Expect a final decision on the future of the troubled Waikiki War Memorial Natatorium to be made by spring 2019, Mayor Kirk Caldwell said at a news conference today.

Besides restoring the pool of the 1927 facility and tearing the structure down to open up a beach, a third option has emerged that would retain the bleachers and arches, and reconstructs the pool deck using a new support system and allowing for the free flow of water between the swim basin and the ocean.

Creating the so-called “perimeter deck” option would cost between $20 million and $30 million, Caldwell said.

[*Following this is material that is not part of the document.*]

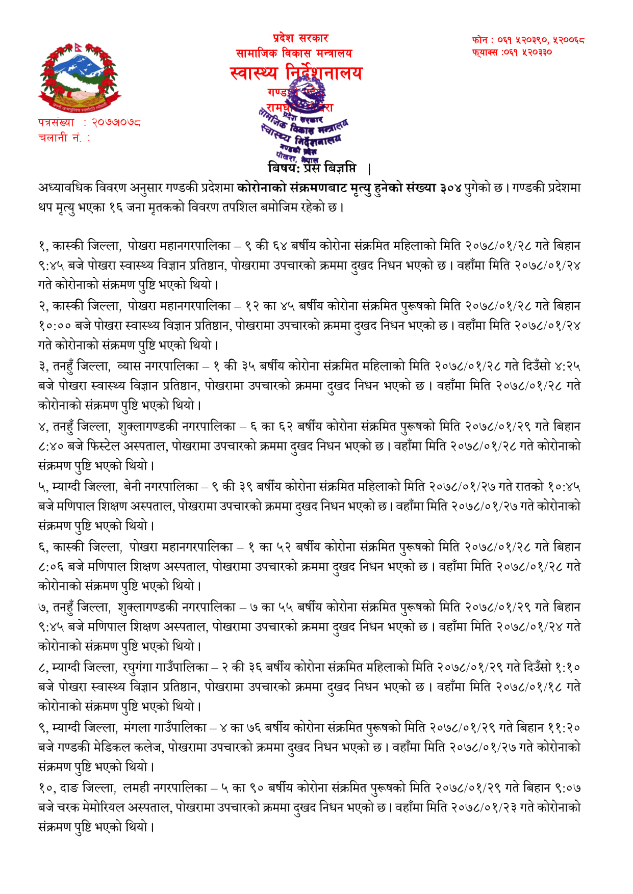 पोखराका सात सहित गण्डकीमा १६ जना संक्रमितको मृत्यु

Reconstruction and restoration would cost between $40 million and $60 million while creating a beach, which would be accompanied by a replica memorial arch, would also cost between $20 million and $30 million, he said.

Caldwell said the city does not yet know how much in annual maintenance and operations cost each alternative would entail.

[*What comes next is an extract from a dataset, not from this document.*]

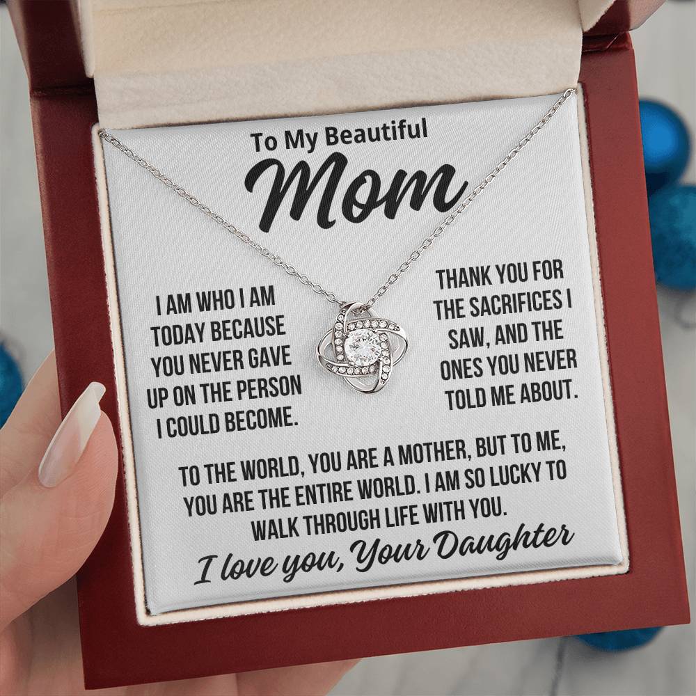 To Mom From Daughter "You Are The Entire World..." Love Knot Necklace

A fourth alternative would be to do nothing, but Caldwell said that is not an option. He said he has been inclined to choose a beach-only option, but is willing to look at the new option, if it’s deemed feasible, since the two versions appear to be in the same price range according to preliminary data.

After public hearings on the draft environmental impact statement in fall 2018, a final EIS is expected to be released in spring 2019.

Caldwell said he hopes work can begin before he is scheduled to leave office in January 2021.

Correction: An earlier version of this story said that Mayor Caldwell expects a final decision on the future of the Waikiki War Memorial Natatorium by this coming summer. In fact, a draft environmental impact statement is expected by next summer and a final decision is expected by spring 2019.